# Provided information

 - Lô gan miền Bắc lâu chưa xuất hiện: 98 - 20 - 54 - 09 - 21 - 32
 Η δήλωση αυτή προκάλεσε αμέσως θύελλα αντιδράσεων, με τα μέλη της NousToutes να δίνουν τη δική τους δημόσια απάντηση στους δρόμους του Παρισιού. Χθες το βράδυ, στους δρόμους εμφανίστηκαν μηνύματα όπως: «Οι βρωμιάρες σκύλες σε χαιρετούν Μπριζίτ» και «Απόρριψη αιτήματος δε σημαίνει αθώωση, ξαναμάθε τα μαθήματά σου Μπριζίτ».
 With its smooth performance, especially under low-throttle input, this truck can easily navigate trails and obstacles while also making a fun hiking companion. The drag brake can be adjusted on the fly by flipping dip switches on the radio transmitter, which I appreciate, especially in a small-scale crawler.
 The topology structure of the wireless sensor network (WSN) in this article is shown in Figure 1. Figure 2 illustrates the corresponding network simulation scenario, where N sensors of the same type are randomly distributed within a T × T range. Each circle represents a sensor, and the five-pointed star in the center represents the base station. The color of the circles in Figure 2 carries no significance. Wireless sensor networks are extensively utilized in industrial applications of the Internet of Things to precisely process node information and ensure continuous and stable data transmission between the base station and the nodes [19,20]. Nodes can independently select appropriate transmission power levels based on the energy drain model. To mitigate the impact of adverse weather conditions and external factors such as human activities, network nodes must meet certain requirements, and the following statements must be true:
---
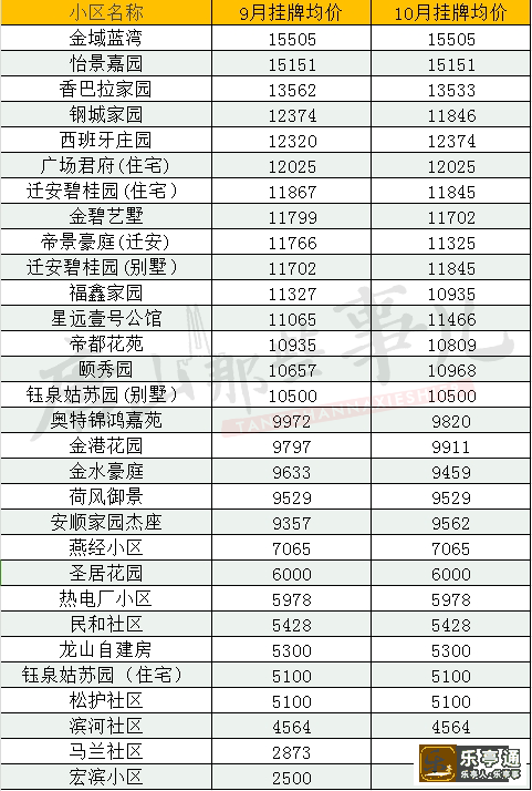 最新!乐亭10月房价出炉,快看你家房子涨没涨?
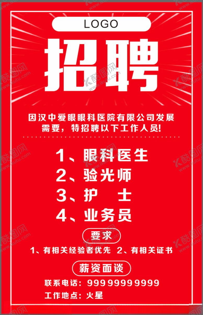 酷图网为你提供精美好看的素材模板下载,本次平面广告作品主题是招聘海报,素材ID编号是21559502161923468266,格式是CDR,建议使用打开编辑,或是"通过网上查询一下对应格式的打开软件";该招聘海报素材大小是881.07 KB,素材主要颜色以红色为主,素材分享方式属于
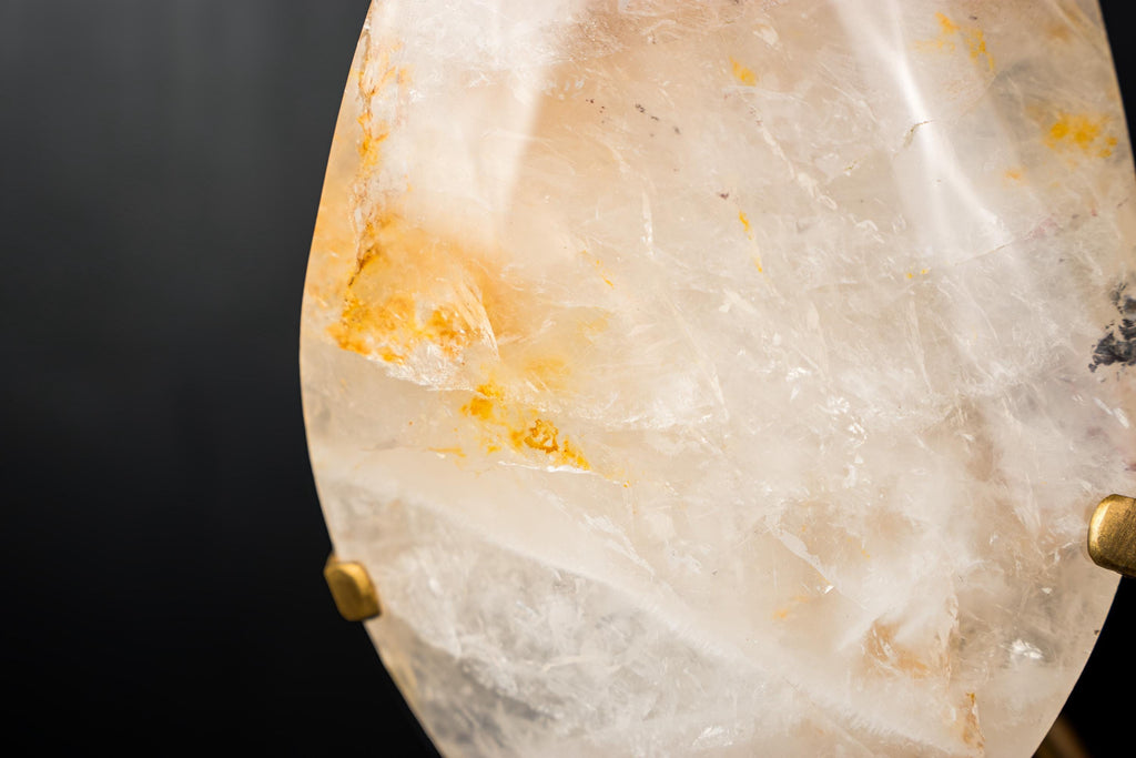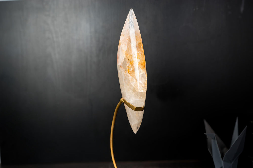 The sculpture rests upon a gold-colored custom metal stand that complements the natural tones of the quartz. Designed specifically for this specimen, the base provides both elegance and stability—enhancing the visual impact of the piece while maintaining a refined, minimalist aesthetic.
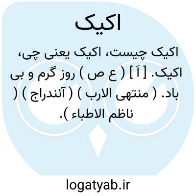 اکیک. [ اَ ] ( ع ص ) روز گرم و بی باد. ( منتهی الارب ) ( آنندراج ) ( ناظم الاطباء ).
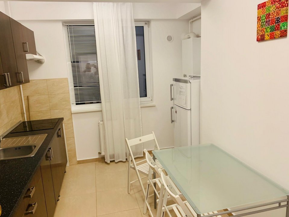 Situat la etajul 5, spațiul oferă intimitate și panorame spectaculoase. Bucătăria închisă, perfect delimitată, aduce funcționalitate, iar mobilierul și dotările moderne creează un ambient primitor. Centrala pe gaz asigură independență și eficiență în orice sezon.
...
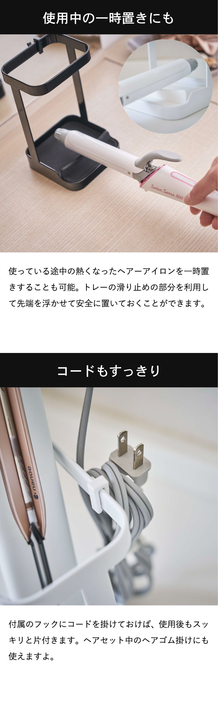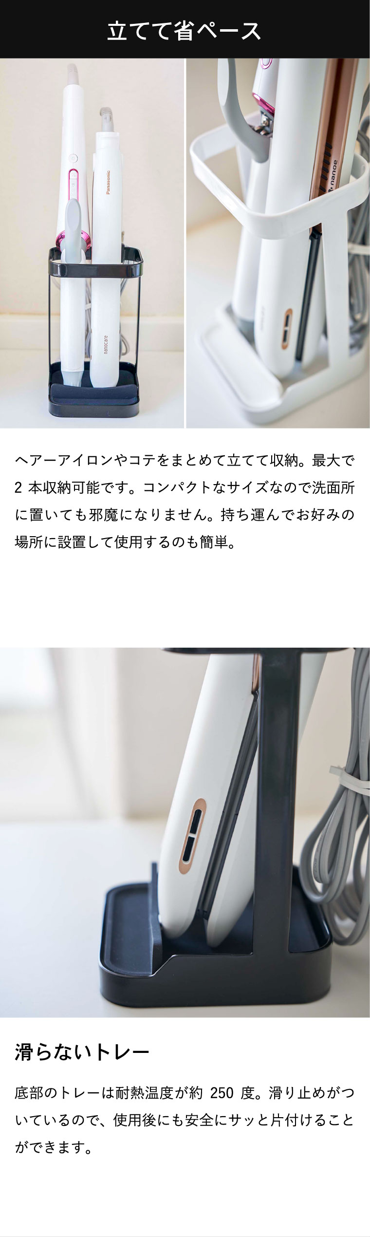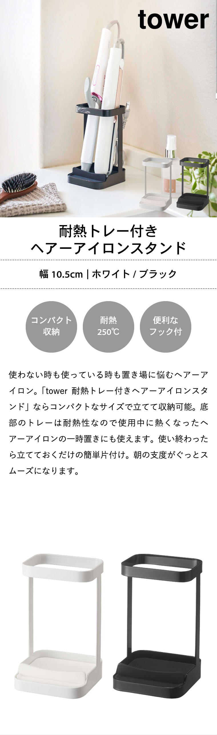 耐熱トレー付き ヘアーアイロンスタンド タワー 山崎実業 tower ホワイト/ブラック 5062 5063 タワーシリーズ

# What to produce
Reproduce exactly the stretch of the material above that starts at the line with "- Lô gan miền" and ends at the line with "With its smooth", both included, and nothing else.

# Response area
 - Lô gan miền Bắc lâu chưa xuất hiện: 98 - 20 - 54 - 09 - 21 - 32
 Η δήλωση αυτή προκάλεσε αμέσως θύελλα αντιδράσεων, με τα μέλη της NousToutes να δίνουν τη δική τους δημόσια απάντηση στους δρόμους του Παρισιού. Χθες το βράδυ, στους δρόμους εμφανίστηκαν μηνύματα όπως: «Οι βρωμιάρες σκύλες σε χαιρετούν Μπριζίτ» και «Απόρριψη αιτήματος δε σημαίνει αθώωση, ξαναμάθε τα μαθήματά σου Μπριζίτ».
 With its smooth performance, especially under low-throttle input, this truck can easily navigate trails and obstacles while also making a fun hiking companion. The drag brake can be adjusted on the fly by flipping dip switches on the radio transmitter, which I appreciate, especially in a small-scale crawler.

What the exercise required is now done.